Lejos aquí
por Enrique Solinas
La casa de los abuelos era lo suficientemente
espaciosa como para correr de un lado al otro y agitarse; llamar desde el fondo
a alguien que estuviera en la puerta de calle y que se oyera una respuesta
lejana e imposible; lo suficientemente grande como para olvidarse del mundo y
vivir por siempre así, en reclusión perpetua, convencidos de que eso era lo más
parecido a un paraíso.
A la muerte de los abuelos, papá puso en venta la
casa. Recién apareció un comprador cuando él bajó el precio y yo disminuí mis
expectativas por conservarla. Quise persuadir a papá y, si bien casi lo logro,
su esposa era la más interesada en vender.
—Voy a construir dos torres con cocheras, sí, dos
torres —dijo el futuro dueño cuando firmamos el boleto—. Es un gran terreno, en
la ciudad no es fácil conseguir algo semejante.
Y esa sensación de vender una casa al mismo tiempo que
alguien compra un lote, me hizo tomar conciencia de que, una vez más, algo iba
a desaparecer de nuestras vidas sin que lo pudiéramos evitar. Con papá
preferimos esquivar miradas, conversar sobre el clima y quedarnos en silencio.

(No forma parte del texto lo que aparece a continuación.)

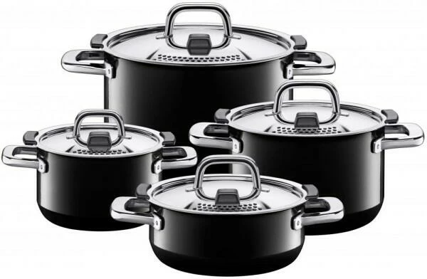Silit Kochtopf-Set Nature Black, 4-teilig. Der Clou der Töpfe ist der Edelstahldeckel Control Lid mit raffinierter Abdampf- und Abgießfunktion – für noch mehr Perfektion und Sicherheit beim geschmacksechten Zubereiten Ihrer Speisen.

Días después me habló para que fuésemos el fin de semana a la casa. Primero le
dije que no, que estaba ocupado, que tenía mucho por hacer. Pero lo escuché con
atención y me di cuenta de que él estaba tan triste como yo. “Entendeme, hijo,
ayudame; solo no puedo entrar allí.”
Papá tenía que decidir el destino de todo lo que
había y no era trabajo fácil. Yo estaba un poco nervioso, seguro vendría Celia,
su esposa, le daría órdenes para cumplir, intentaría dármelas sin éxito. Desde
que se casaron, la habré visto tres veces y es mucho decir. Nos mantenemos alejados
y eso es sano, pero ella se encarga de borrar toda la vida de papá antes de que
se conocieran.
Me costó abrir el candado de la reja porque estaba oxidado.
Hacía un año que nadie visitaba la casa ni se realizaba mantenimiento. El
jardín había crecido demasiado, las plantas existían en estado salvaje, pero
ese desorden tenía su gracia, era el orden caótico de lo natural. Papá llegó minutos
después, me saludó, miró el jardín, dijo “¡Qué barbaridad!” y pasamos al primer
patio.
—Pensé que ibas a venir con Celia.
—No, ella tenía cosas para hacer. Me dio una lista
—y estiró su mano, acercándomela. La miré por encima y se la devolví diciendo:
—Debería haber venido. En todo caso separá lo que quiere
y después lo discutimos.
Papá bajó la vista y guardó tímidamente el papel en
el bolsillo del pantalón.
—Hoy está pronosticado lluvia, ¿viste? —dijo y
sonrió.
—Entonces tenemos que apurarnos. Lo más práctico es
decidir lo que no se quiere. Dejamos en su lugar lo que desechamos y llamamos a
la Iglesia para que lo vengan a buscar. Lo que queremos, lo ponemos en el
comedor y llamamos a una mudadora. No es necesario que lo llevemos todo hoy.
—Sí, está bien, está bien. Dale, vamos a ver los
libros.
Y como si no hubiera pasado el tiempo, como si hoy fuera
siempre ayer, abrimos las puertas del escritorio y sí, allí estaba la
biblioteca, intacta, esperando desde hacía tiempo a que alguien le prestara
atención. Los libros de mamá, algunos míos, otros de papá y de los abuelos, como
si fueran nuestra gran memoria.
El olor a encierro era molesto. Abrí las ventanas y
el aire nuevo, mezclado con el aroma del jardín, lo invadió todo. Papá sonrió e
inmediatamente buscó su libro preferido. Le sacudió el polvo, le pasó la mano
por la tapa y se sentó para revisarlo.
—Mirá que no tenemos mucho tiempo, dale.
Ya no me escuchaba. El padre, una vez más, se sentó
a leer Los
aviones de la Luftwaffe, las hojas salidas y amarillas daban cuenta de las veces que lo había
leído, pero siempre lo hacía como si fuera la primera vez. Y yo me quedé contemplándolo,
tantas veces lo vi hacerlo y de nuevo lo volvía a mirar, tantos años pasaron,
las arrugas en su rostro, el pelo blanco, los ojos bordeados por un color
grisque delataban todo lo que en su vida contempló.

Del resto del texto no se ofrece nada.